Research institution: Department of Archaeology, Durham University

Research career length: 10 years

Research Council: Arts and Humanities Research Council (AHRC)

Location: Durham, England

Salary: £35-39k

Brief summary of research: Archaeology of Northern England Early Medieval Europe, Early Christianity

School qualifications:
A-levels: English, Geography and History

Qualifications post-school:
BA Archaeology, University of York
MA in Archaeology, University of Reading
PhD in Archaeology, University of Reading

Career path:
Following undergraduate degree, one year as a field archaeologist
After PhD spent time working in a non-archaeological office junior job
Two years as editor for an archaeological charity
Researcher for a commercial archaeological business
Post with a county council working on a Heritage Lottery Funded archaeology outreach post
Two years working at Durham County Council on a policy project before taking up my first academic post at the University of Chester before moving to Durham

Archaeologist David Petts is passionate about his work. Through his research, David and his academic colleagues help us to understand the past and provide us with a way of managing our heritage.

I am keen to try to understand how life was lived in previous times, with a particular interest in how cultures and societies changed, especially with reference to religious belief. My research sets out to find more about the archaeology of Northern England, particularly the North East region. My interests lie in the early medieval period and the archaeology of the early Christian church. I have also become involved in exploring how archaeologists are brought in to excavate land as it gets developed and built upon.

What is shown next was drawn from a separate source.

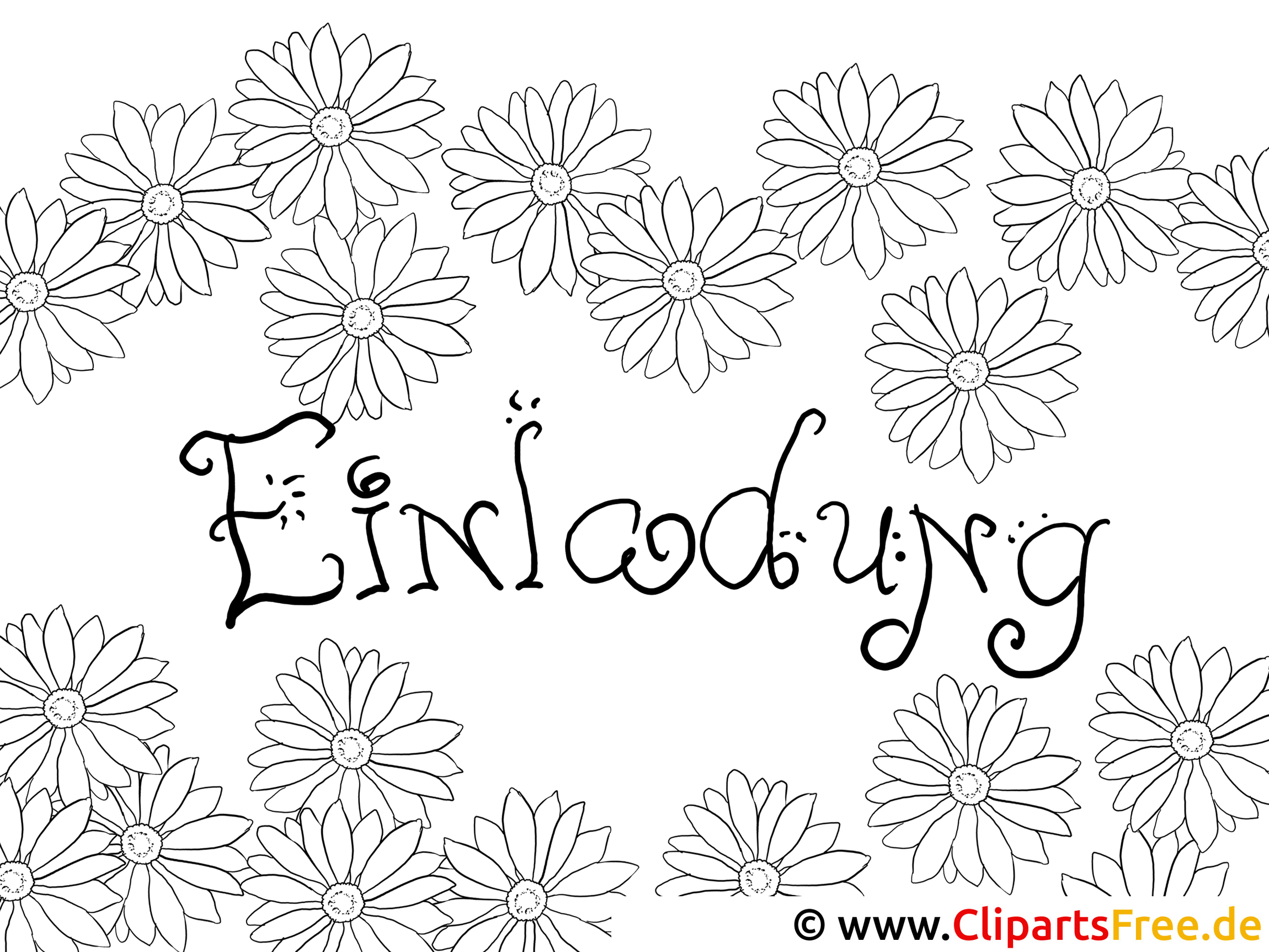 Hier haben wir ein wunderschönes Bild zum Ausmalen, das im Mittelpunkt eine verspielte Einladung zeigt, umgeben von fröhlichen Margeriten. Diese zauberhaften Blumen laden zum Träumen ein – ideal für Feste oder besondere Anlässe. Die einzelnen Blüten blühen in voller Pracht und die geschwungene Schrift verleiht der Einladung etwas Einzigartiges. Man könnte beinahe den Duft der Blumen riechen, wenn man sich das Bild ansieht!

My work comprises carrying out research, whilst running a major archaeological field school on the Roman fort at Binchester. I teach and assess students’ work, and have become increasingly involved in communicating my work with the public. Over a typical year, term time is mainly dominated by teaching, with the summer offering a chance to carry out fieldwork projects - currently including a big excavation.

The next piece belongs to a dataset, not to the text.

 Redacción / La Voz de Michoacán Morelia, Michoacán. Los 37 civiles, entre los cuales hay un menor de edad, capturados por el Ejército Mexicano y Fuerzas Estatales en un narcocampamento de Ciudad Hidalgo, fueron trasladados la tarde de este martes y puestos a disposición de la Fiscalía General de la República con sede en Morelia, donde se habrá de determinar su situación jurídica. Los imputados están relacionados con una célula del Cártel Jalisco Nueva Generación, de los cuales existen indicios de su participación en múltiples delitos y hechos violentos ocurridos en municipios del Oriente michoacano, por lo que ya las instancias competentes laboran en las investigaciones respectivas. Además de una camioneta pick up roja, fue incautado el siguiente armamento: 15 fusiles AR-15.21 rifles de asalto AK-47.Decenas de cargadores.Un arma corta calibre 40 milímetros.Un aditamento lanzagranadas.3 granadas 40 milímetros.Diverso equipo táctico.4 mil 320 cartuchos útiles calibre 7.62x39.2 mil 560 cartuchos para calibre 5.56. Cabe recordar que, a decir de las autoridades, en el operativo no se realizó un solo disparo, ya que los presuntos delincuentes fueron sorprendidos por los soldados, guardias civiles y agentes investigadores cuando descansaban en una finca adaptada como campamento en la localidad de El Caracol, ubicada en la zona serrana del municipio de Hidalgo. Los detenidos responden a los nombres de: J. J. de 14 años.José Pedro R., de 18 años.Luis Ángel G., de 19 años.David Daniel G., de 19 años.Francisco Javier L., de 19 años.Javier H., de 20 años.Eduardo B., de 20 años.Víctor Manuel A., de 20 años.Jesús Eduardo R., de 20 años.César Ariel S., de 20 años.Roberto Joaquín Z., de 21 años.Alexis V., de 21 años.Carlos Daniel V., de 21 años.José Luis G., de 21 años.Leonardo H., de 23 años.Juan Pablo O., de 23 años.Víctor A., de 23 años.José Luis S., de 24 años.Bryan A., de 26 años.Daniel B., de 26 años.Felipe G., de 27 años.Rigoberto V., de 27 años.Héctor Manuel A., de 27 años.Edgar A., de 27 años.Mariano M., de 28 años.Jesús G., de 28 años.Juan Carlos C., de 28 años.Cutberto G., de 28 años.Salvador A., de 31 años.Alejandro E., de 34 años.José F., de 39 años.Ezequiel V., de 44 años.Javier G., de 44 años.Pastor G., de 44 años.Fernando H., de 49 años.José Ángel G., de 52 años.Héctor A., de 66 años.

“There is still so much to find out; in archaeology we are never standing still, and we continue to make new discoveries and develop fresh understandings about even the most well-trodden areas”.

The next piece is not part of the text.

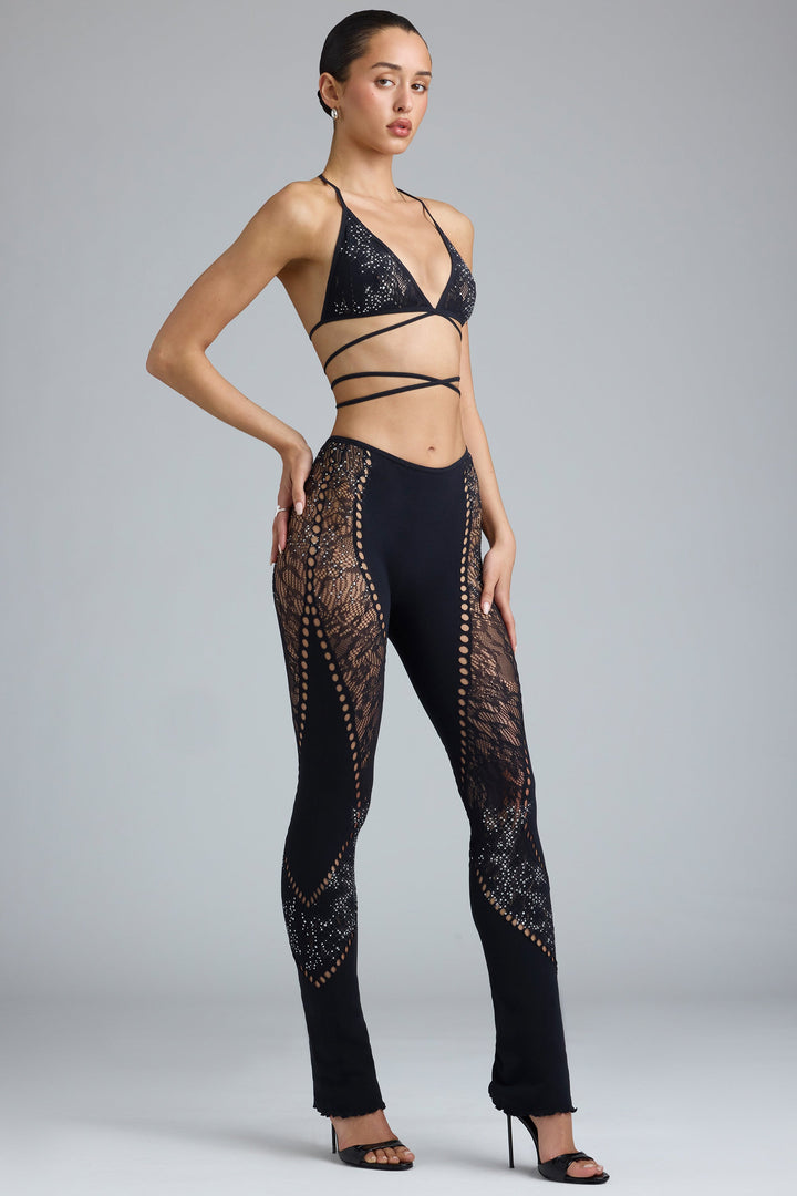 Siyah İşlemeli Orta Bel Kloş Pantolon

After completing my PhD, I spent time working in a non-archaeological 'office junior' role, which gave me some useful transferable skills and allowed me to get my first proper 'archaeological' job, working as an editor of excavation reports. I did this for two years, but realised that this was not what I wanted to be doing in the longer term, so I applied to work as a researcher for a commercial archaeological business. After a year, I took up a post with a county council working on a Heritage Lottery funded archaeology outreach post. This was followed by two years working at the same place on a policy project, before taking up my first academic post, which I held for a year before moving to Durham.

You have to be very passionate about the subject to put up with the less-than-exciting aspects of the work. My passion came early, as I was a child obsessed with the Romans and Vikings.

My career has been driven by a determination to stay working in a subject I love. It's a competitive field so this has meant being prepared to move around the country. I was aware that to work in academic research, required evidence of a good publication record, so even when working in other areas of archaeology, I carried out research and published my findings, which placed me in a good position when the right job came up.

The most fulfilling aspects of my work are following particular interests from vague ideas or hunches, and developing these into a piece of completed work. I’ve come to realise that life is so much more than making money, and we live in a world where history is always with us.